Below is a listing from which only part is wanted; return exactly the lines from the one with "hitting and kicking." up to and including the one with "Oral & Maxillofacial Surgery".

Given entries =>
┌────────

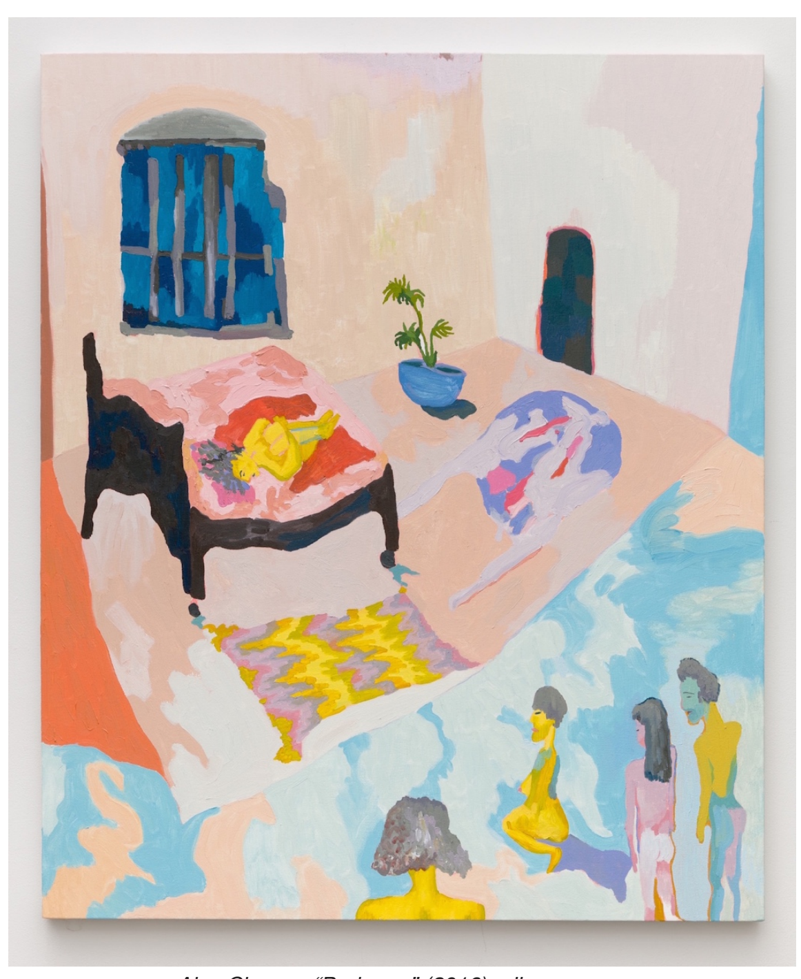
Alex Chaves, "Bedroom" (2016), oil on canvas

└────────
┌────────

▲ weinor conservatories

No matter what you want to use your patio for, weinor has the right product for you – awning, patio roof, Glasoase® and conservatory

└────────
┌────────

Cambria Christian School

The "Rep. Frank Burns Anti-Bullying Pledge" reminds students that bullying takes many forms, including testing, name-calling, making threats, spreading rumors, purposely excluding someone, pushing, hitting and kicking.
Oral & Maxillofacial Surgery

└────────

Output =>
The "Rep. Frank Burns Anti-Bullying Pledge" reminds students that bullying takes many forms, including testing, name-calling, making threats, spreading rumors, purposely excluding someone, pushing, hitting and kicking.
Oral & Maxillofacial Surgery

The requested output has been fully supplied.